I had a dream about Grant the other night. Everything was normal, the old normal. We were talking on the phone, him telling me a story about something that had happened at work. We were laughing. Then, as it happens in dreams, the next moment we were together sharing breakfast at the little Farmer’s Market a few blocks from his old apartment. We sat there catching up on life, people watching, and talking about what we wanted to do that day.  And then it happened. I woke up. As I laid there in that twilight stage between asleep and reality, I had to wrap my brain around the fact that it was just a dream and I was waking up into the nightmare. It’s awful and gut wrenching as my mind absorbs again the reality.
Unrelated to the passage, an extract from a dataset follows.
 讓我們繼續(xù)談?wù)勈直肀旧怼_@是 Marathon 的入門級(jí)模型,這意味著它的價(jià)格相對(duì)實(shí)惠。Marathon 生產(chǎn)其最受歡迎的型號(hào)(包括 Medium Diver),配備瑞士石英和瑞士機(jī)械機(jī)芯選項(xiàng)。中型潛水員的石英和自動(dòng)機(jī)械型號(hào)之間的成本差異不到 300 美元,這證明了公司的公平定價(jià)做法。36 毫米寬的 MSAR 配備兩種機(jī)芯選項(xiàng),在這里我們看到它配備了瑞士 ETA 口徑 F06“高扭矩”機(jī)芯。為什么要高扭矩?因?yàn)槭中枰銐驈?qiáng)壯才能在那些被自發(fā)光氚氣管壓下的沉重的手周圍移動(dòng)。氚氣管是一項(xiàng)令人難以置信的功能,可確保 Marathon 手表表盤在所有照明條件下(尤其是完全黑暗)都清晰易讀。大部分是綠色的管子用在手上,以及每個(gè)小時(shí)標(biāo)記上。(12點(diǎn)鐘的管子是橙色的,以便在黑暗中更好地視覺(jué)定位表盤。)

Mornings, after dreams of Grant, make me so incredibly grateful that there is a day coming that I will close my eyes and wake up into the dream. Everything horrible I’ve experienced here, will be nothing more than a nightmare, a bad dream. And the nightmare will only serve to increase my joy, as I wake to the dream of eternity.

Christ bought us the possibility of an afterlife without pain and suffering, no more nightmares. Revelation 21:4 He will wipe away every tear from their eyes, and death shall be no more, neither shall there be mourning, nor crying, nor pain anymore… 

But we tend to judge God by the time we spend here on Earth. We judge critically if all of our dreams fail to come true. But who would complain to God if He allowed one nightmare in a lifetime of dreams? And yet we bitterly complain about the nightmare when in reality it’s one nightmare in an eternity of dreams.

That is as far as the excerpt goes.